Look for the line with "Bajo esta instancia"; please transcribe it and every later line in the entries exactly, up to the end, leaving pictures out.
-- Opening Marker --
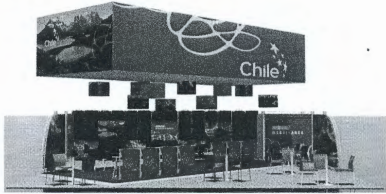
Render Stand Especial imagen referencial

Bajo esta instancia se entregarán libros pictóricos que reflejan y difunden el patrimonio natural de Atacama, se efectuarán charlas acerca de la cultura presente en la región y de los lugares más atractivos e importantes de la zona, destacando la diversidad productos y actividades turísticas presentes. Por otro lado se entregarán degustaciones de productos típicos de la región, como el pajarete, aceite de oliva, chañar, entre otros.
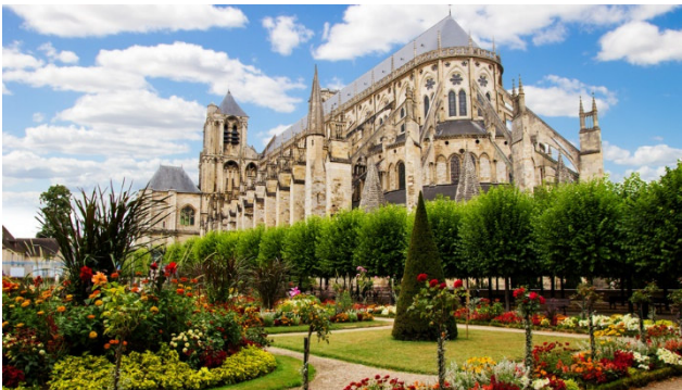
Kathedrale St. Etienne in Bourges mit schönem Garten

Kaum eine Region hat die französische Geschichte derart stark beeinflusst. Könige und Königinnen, Minnesänger, Hofnarren und Mätressen belebten das Loiretal und regierten Frankreich. Hier wurde gefeiert und in vollen Zügen genossen. Gerne möchten wir Ihnen auf dieser Kurzreise einen Eindruck dieser Region geben. Bei einem Besuch einer Pilzzucht in einem mächtigen Tuffsteinkeller und auf einer Schiffstour lernen Sie die Landschaft besser kennen. Sie besichtigen einen Ackerbaubetrieb einer Schaffhauser Familie. Frankreich zählt zu den bedeutendsten Produzenten landwirtschaftlicher Erzeugnisse in Europa und ist auch weltweit der zweitgrösste Exporteur von Agrarprodukten. Die landwirtschaftliche Gesamtnutzfläche Frankreichs nimmt mit rund 33 Milliarden Hektar fast 60% der gesamten Landesfläche ein. Einen grossflächigen Anbau von Getreide gibt es vor allem im Raum zwischen dem Pariserbecken und Zentralfrankreich.
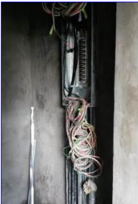
Vista interna del cuarto de panel eléctrico, donde se aprecia la instalación de canalización, cableado y panel eléctrico.

Se pagó el Avalúo No. 11 por un monto de C$ 726,657.74 que corresponde al 6.53 % de avance físico para acumular el 71.73% de ejecución total.
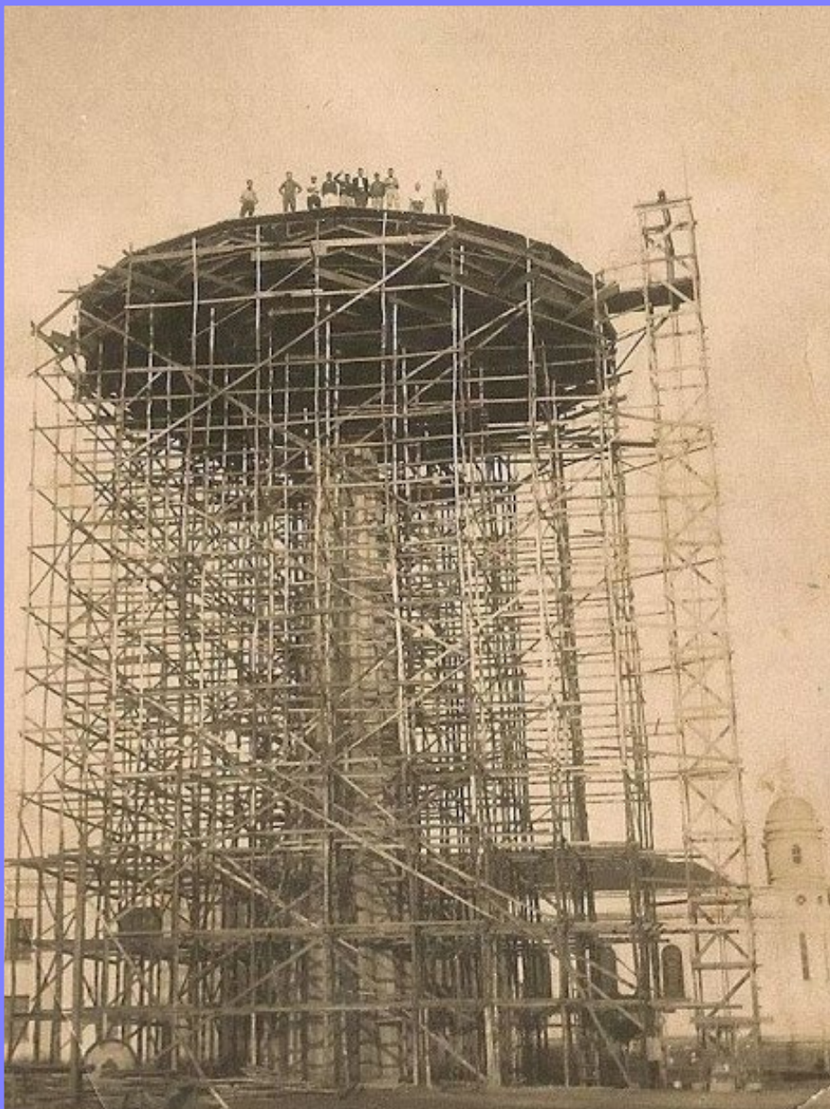
Construção Reservatório de Água – 19-- (?)

Tempos bons vieram. O asfalto chegou! E com ele a Praça dos Três Poderes, imponente! A prainha artificial, sucesso para os jovens! A praça da fonte, alegria da piazada! O cinema e praça da igreja, onde os namoros aconteciam às escondidas.
-- Closing Marker --
**Exercise answer:**
Bajo esta instancia se entregarán libros pictóricos que reflejan y difunden el patrimonio natural de Atacama, se efectuarán charlas acerca de la cultura presente en la región y de los lugares más atractivos e importantes de la zona, destacando la diversidad productos y actividades turísticas presentes. Por otro lado se entregarán degustaciones de productos típicos de la región, como el pajarete, aceite de oliva, chañar, entre otros.
Kathedrale St. Etienne in Bourges mit schönem Garten

Kaum eine Region hat die französische Geschichte derart stark beeinflusst. Könige und Königinnen, Minnesänger, Hofnarren und Mätressen belebten das Loiretal und regierten Frankreich. Hier wurde gefeiert und in vollen Zügen genossen. Gerne möchten wir Ihnen auf dieser Kurzreise einen Eindruck dieser Region geben. Bei einem Besuch einer Pilzzucht in einem mächtigen Tuffsteinkeller und auf einer Schiffstour lernen Sie die Landschaft besser kennen. Sie besichtigen einen Ackerbaubetrieb einer Schaffhauser Familie. Frankreich zählt zu den bedeutendsten Produzenten landwirtschaftlicher Erzeugnisse in Europa und ist auch weltweit der zweitgrösste Exporteur von Agrarprodukten. Die landwirtschaftliche Gesamtnutzfläche Frankreichs nimmt mit rund 33 Milliarden Hektar fast 60% der gesamten Landesfläche ein. Einen grossflächigen Anbau von Getreide gibt es vor allem im Raum zwischen dem Pariserbecken und Zentralfrankreich.
Vista interna del cuarto de panel eléctrico, donde se aprecia la instalación de canalización, cableado y panel eléctrico.

Se pagó el Avalúo No. 11 por un monto de C$ 726,657.74 que corresponde al 6.53 % de avance físico para acumular el 71.73% de ejecución total.
Construção Reservatório de Água – 19-- (?)

Tempos bons vieram. O asfalto chegou! E com ele a Praça dos Três Poderes, imponente! A prainha artificial, sucesso para os jovens! A praça da fonte, alegria da piazada! O cinema e praça da igreja, onde os namoros aconteciam às escondidas.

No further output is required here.